警告：警告：tensorflow:Model 是用形状（无，150）构造的，但它是在形状不兼容的输入上调用的（无，1）

Question

So I'm trying to build a word embedding model but I keep getting this error.所以我正在尝试构建一个嵌入 model 的单词，但我不断收到此错误。 During training, the accuracy does not change and the val_loss remains "nan"在训练期间，准确率没有变化，val_loss 保持“nan”

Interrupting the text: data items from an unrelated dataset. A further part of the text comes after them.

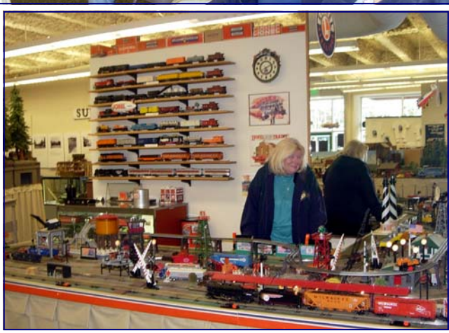
TTOS Canadian Flyer May 2007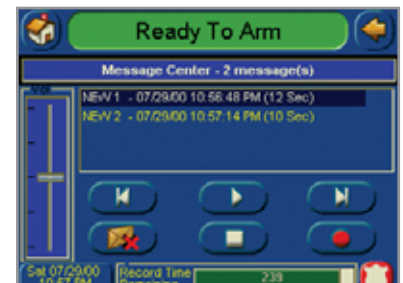
Message Center Screen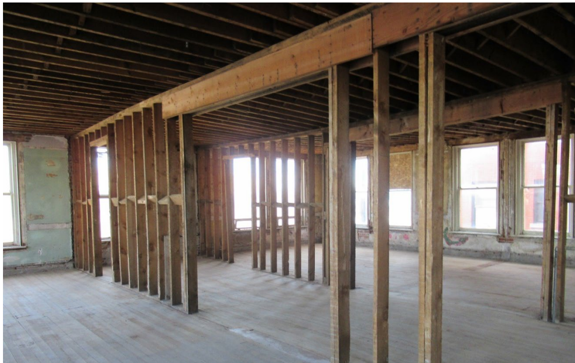
Figure B-18. Interior of 1898 structure. 101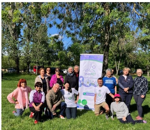
Visuals 3 – 4: Some of AIFI informational items.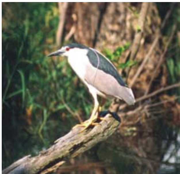
Above: Black-Crowned Night Heron

From its once pristine condition two centuries ago, the Meramec suffered from our uses and abuses. Forests were clearcut, farm fields were cleared to the water's edge, agricultural chemicals leached into the river, improperly functioning sewage treatment plants discharged waste-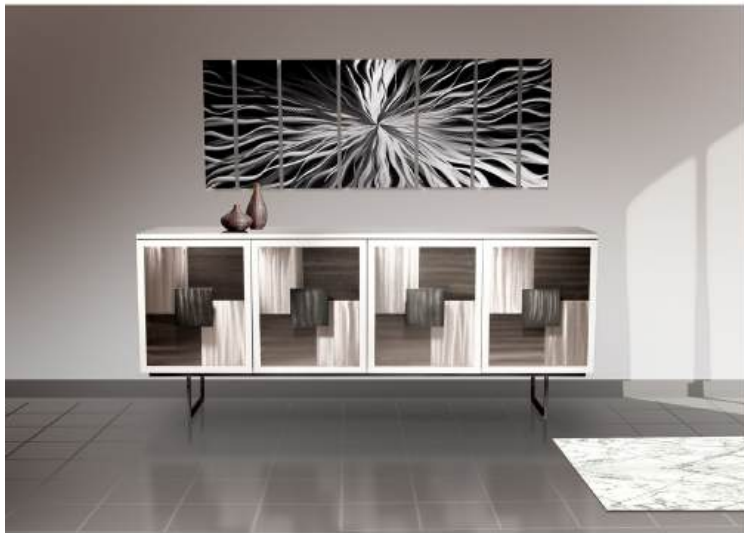
SoHo Buffet Skin Top and Door Inset in #1 Grind / Steel Door Handles in #1 Grind / Diamond Black White Cabinet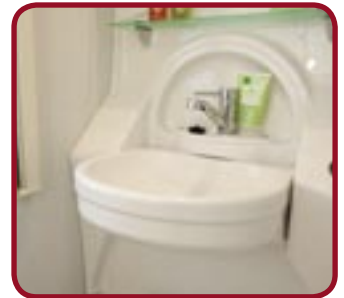
Tip-up sink and small shelf above - not much room to place wash stuff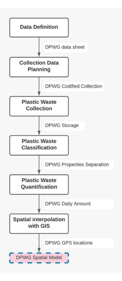
Figure 2. Study methodology undertaken.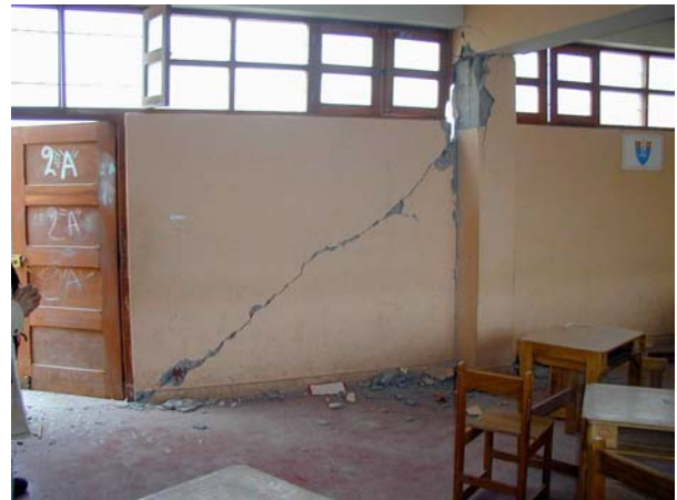
Figure 27. Another short column condition at school shown in Figure 26. Damage to both masonry infill and to short column.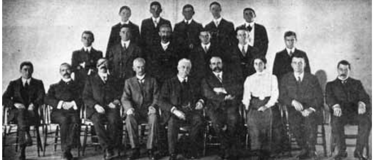
Permanent staff of the Commonwealth Bureau of Census and Statistics

Some of the first workers hired specifically to work on the census were draftsmen. Drawing detailed maps of every part of Australia was essential to getting the collection right. But while the draftsmen drew the maps, local knowledge was used to divide the land into manageable collection areas. The State Supervisors were asked to appoint 'Enumerators'. These managed the collection at a district level. Enumerators were drawn from 'suitable' people such as police magistrates, town clerks, electoral returning officers, clerks of the courts and mining registrars from every local region in Australia. The enumerators were sent large maps of their areas and asked to divide them into collectors' districts. Once they had made their recommendations, the draftsmen then set to work again drawing, by hand, individual maps of every collector's district in Australia.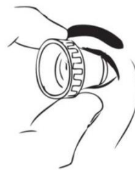
Drainage angle assessment

"Press the button when you see the light"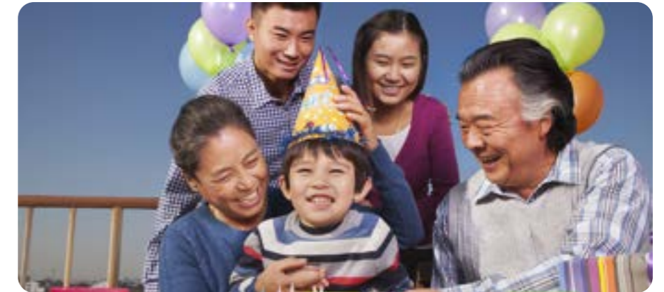
Birthdays happen every year.

Important life events include birthdays, religious festivals or family celebrations. Some life events happen every year and some happen at certain stages of human life.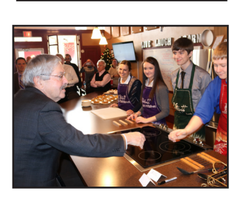
See more photos on our Instagram and Pinterest sites @pencitycurrent

"I think it was a great honor, not only for the test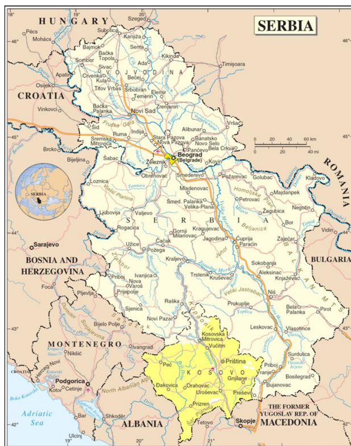
Fig. 1: Map of sampling area - Encircled part of the map

(42°43'00"N 24°55'04"E). This is the highest mountain in South-East Serbia. Stara Planina (Balkan mountain) is the Southern Karpathian fold stretching for 560 km from Vlashka Chuka Peak fist to the North on the border between Serbia and Bulgaria and then folding East through Central Bulgaria to Cape Emine on the Black Sea, thus framing the Pannonian Basin on the South of the Danube (Fig. 1). Stara Planina has a characteristic climate changing from moderate continental, mountain (Alpine) and on the high peaks subarctic. Going from low to higher slopes, the average temperature drops while humidity increases. With an average temperature of 0.5 °C, the coldest month is Jan, while July with 22 °C is the warmest. Average annual rainfall is 960.5 mm.

The raw shape of the data is数据的原始形状是

x.shape, y.shape
((94556,), (94556, 2557))

Then I reshape it so:然后我重塑它：

xr= np.asarray(x).astype('float32').reshape((-1,1))
yr= np.asarray(y).astype('float32').reshape((-1,1))
((94556, 1), (241779692, 1))

Then I run it through my model然后我通过我的 model 运行它

model = Sequential()
model.add(Embedding(2557, 64, input_length=150, embeddings_initializer='glorot_uniform'))
model.add(Flatten())
model.add(Reshape((64,), input_shape=(94556, 1)))
model.add(Dense(512, activation='sigmoid'))
model.add(Dense(128, activation='sigmoid'))
model.add(Dense(64, activation='relu'))
model.add(Dense(10, activation='sigmoid'))
model.add(Dense(1, activation='relu'))
# compile the mode
model.compile(optimizer='adam', loss='categorical_crossentropy', metrics=['accuracy'])
# summarize the model
print(model.summary())
plot_model(model, show_shapes = True, show_layer_names=False)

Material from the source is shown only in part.